You talked about how common diseases can be influenced by genetics. Can you explain that?
Not all diseases are genetic and, in fact, some of the biggest killers of Americans—like heart disease, diabetes and some cancers—are driven by environment and lifestyle. But even these diseases are influenced by our DNA. Our genes affect how susceptible we are to environmental triggers that can make us sick. A measurement called a polygenic risk score estimates how the versions of the genes you carry influence your risk of developing certain diseases. Having an estimate of your likelihood of disease can help you take steps to detect it early and possibly prevent it.
Here at the U, we are developing artificial intelligence-based technologies to combine genetic information with medical records in order to predict clinical outcomes. For example, those data can help determine whether someone is likely to have serious medical complications after surgery. We are now learning how to use that type of information to guide a patient’s medical care. We’re also getting a better understanding of how social determinants of health like poverty, education and food security influence health outcomes.
I imagine that a lot of people reading this have never received personalized medicine as a part of their own health care. Can you explain why?
At this stage, precision diagnostics and therapies are integrated into certain types of specialty care, such as for some cancers and for critically ill children, but are not yet commonly used in general medical care. One barrier is cost, but the good news is that the price of DNA sequencing has dropped precipitously over the last few decades. Today, a lab-certified sequence of a whole genome costs $1,000, which is lower than the price of many routine medical tests. That opens up possibilities for widespread use.
However, clinics typically lack the technology and infrastructure to make information about our genes available and useful to clinicians. Scientists at the U are developing some of these technologies now. Making these advances accessible to clinics and patients, and educating the next generation of clinicians in these practices, will take time, cost and effort.
A significant challenge is that most of the information we have about genes comes from people of European descent. DNA-based tests or precision therapies that have been developed based on that information are of limited use for people who do not share that same ancestry, since there are different versions of genes in the human population. It is crucial that we engage diverse communities in research studies so that we can make precision medicine more equitable.
What is your outlook for the future?
As co-director of the U’s Center for Genomic Medicine, I have seen first-hand how precision medicine is transforming health care. I have routinely cared for children with life-threatening heart defects and complex medical problems who have been rapidly diagnosed with a genetic condition that allows us to tailor the right care to these children at the right time. Precision medicine technologies have had an enormous impact on the care of children and adults with complex medical conditions. I see a future where these innovations are applied broadly, routinely and inclusively across other medical disciplines, so that all members of society benefit equally from these discoveries.

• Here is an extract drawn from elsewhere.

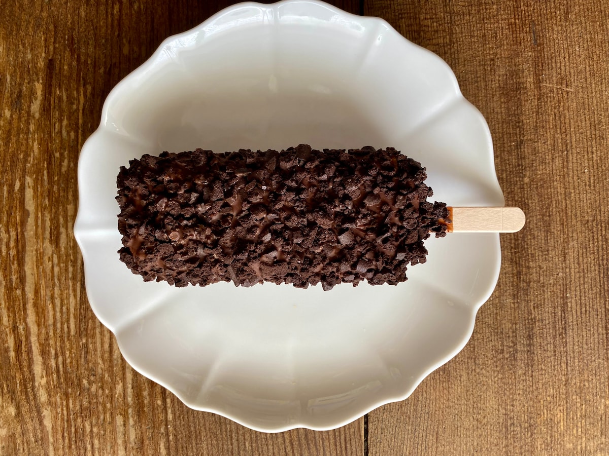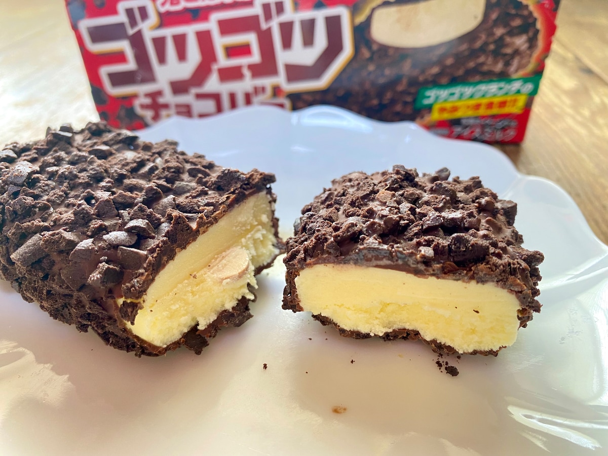 一般的なチョコアイスと変わらなさそうですが、切っている感覚でチョコの分厚さにやや驚き。

Yet genetics is not the answer to everything. Some people don’t get enough exercise, cannot access the health care they need or are experiencing the environmental consequences of climate change. These are a small sampling of the lifestyle, social and environmental factors that are having major impacts on our health. Talented researchers across the U are working on all of these facets of health. It will take all of us in the social, physical and health sciences, as well as the humanities and arts, to make the world a better and healthier place.